- **Task description**: The full listing should be written out verbatim, and its images should be dropped.

- **Collected data**:
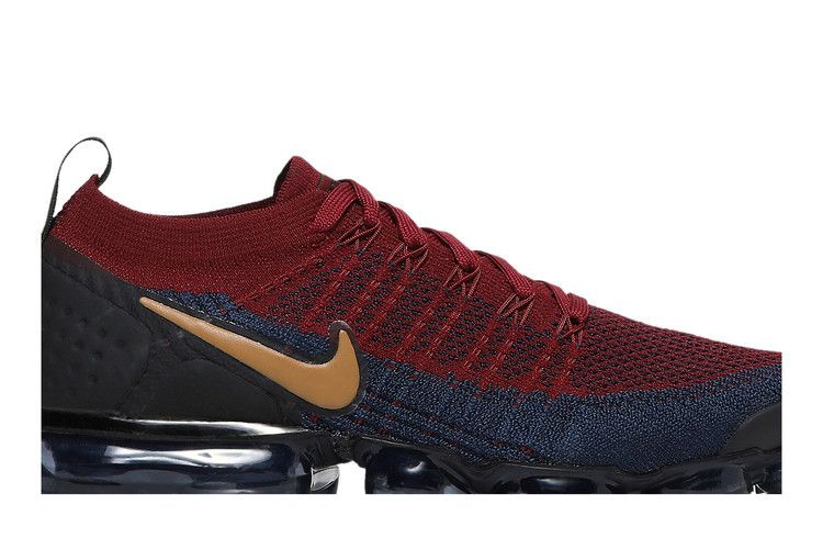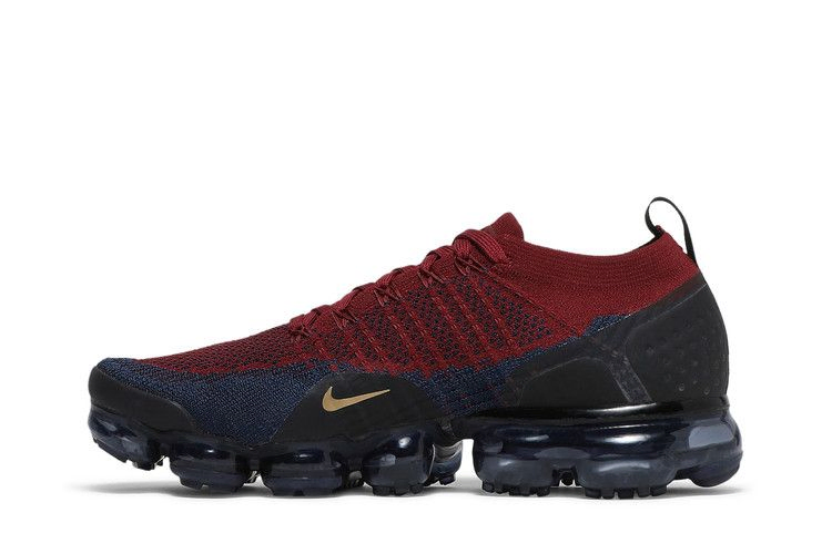Модель Nike Air VaporMax 2 Flyknit, выполненная в олимпийской цветовой гамме, имеет градиент бордового и темно-синего цветов по всей верхней части, что создает носочную форму. Кабели Flywire на заднике предназначены для фиксированной посадки и уменьшения раздражения передней части стопы. Амортизирующий блок VaporMax по всей длине наполняется давлением при ударе, а после подъема стопы освобождается, создавая отзывчивый ход.
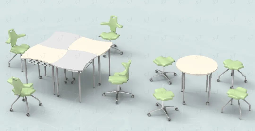 讨論式學習,是開放的,是可以發散地展開分析,有助於學生更深入地去讨論、解決和分享問題和想法,提升課堂氛圍,更大程度的帶來創造力,於是我們需要這樣的課桌椅
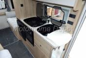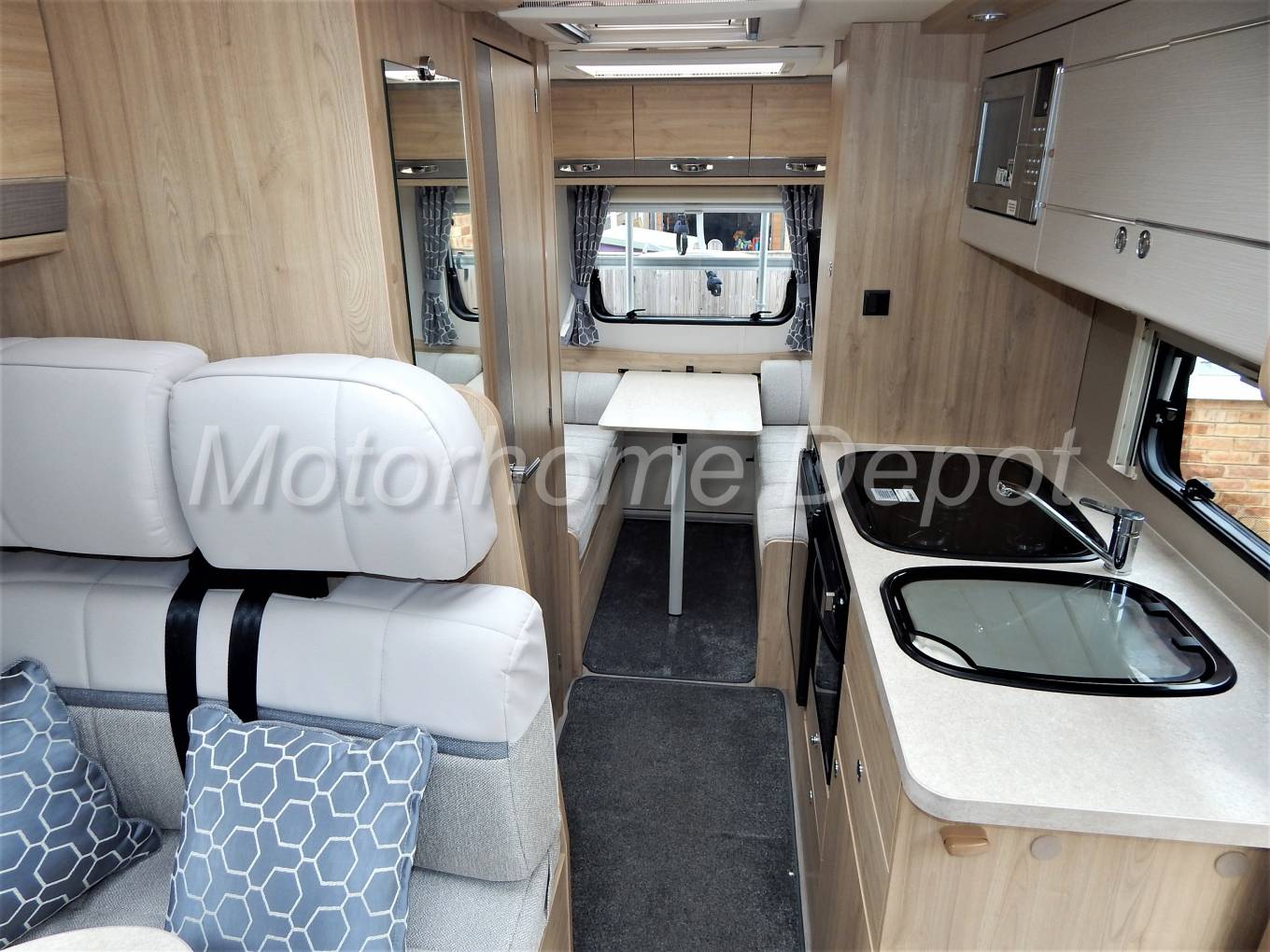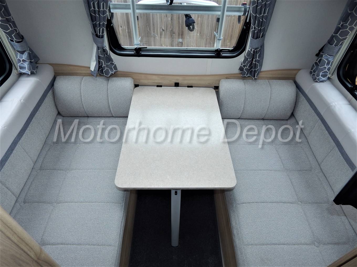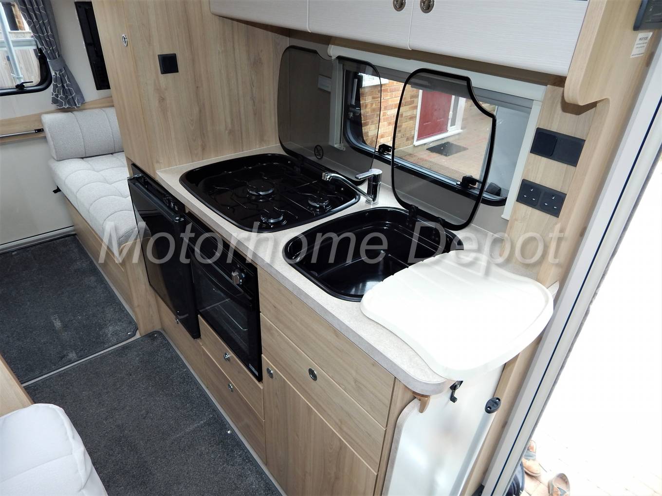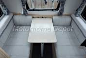 The Kitchen immediately to the right of the habitation door consists of a 3 burner gas hob black enamel style sink with chrome mixer tap, Thetford Duplex oven & grill. There is a Dometic 3 way fridge with ice box that can be powered by 240v; 12v; or gas depending if your plugged in on site or wild camping. Above there is a Daewoo Microwave & plenty of cupboard space for all your cooking utensils.

- **Your solution**:
Модель Nike Air VaporMax 2 Flyknit, выполненная в олимпийской цветовой гамме, имеет градиент бордового и темно-синего цветов по всей верхней части, что создает носочную форму. Кабели Flywire на заднике предназначены для фиксированной посадки и уменьшения раздражения передней части стопы. Амортизирующий блок VaporMax по всей длине наполняется давлением при ударе, а после подъема стопы освобождается, создавая отзывчивый ход.
 讨論式學習,是開放的,是可以發散地展開分析,有助於學生更深入地去讨論、解決和分享問題和想法,提升課堂氛圍,更大程度的帶來創造力,於是我們需要這樣的課桌椅
 The Kitchen immediately to the right of the habitation door consists of a 3 burner gas hob black enamel style sink with chrome mixer tap, Thetford Duplex oven & grill. There is a Dometic 3 way fridge with ice box that can be powered by 240v; 12v; or gas depending if your plugged in on site or wild camping. Above there is a Daewoo Microwave & plenty of cupboard space for all your cooking utensils.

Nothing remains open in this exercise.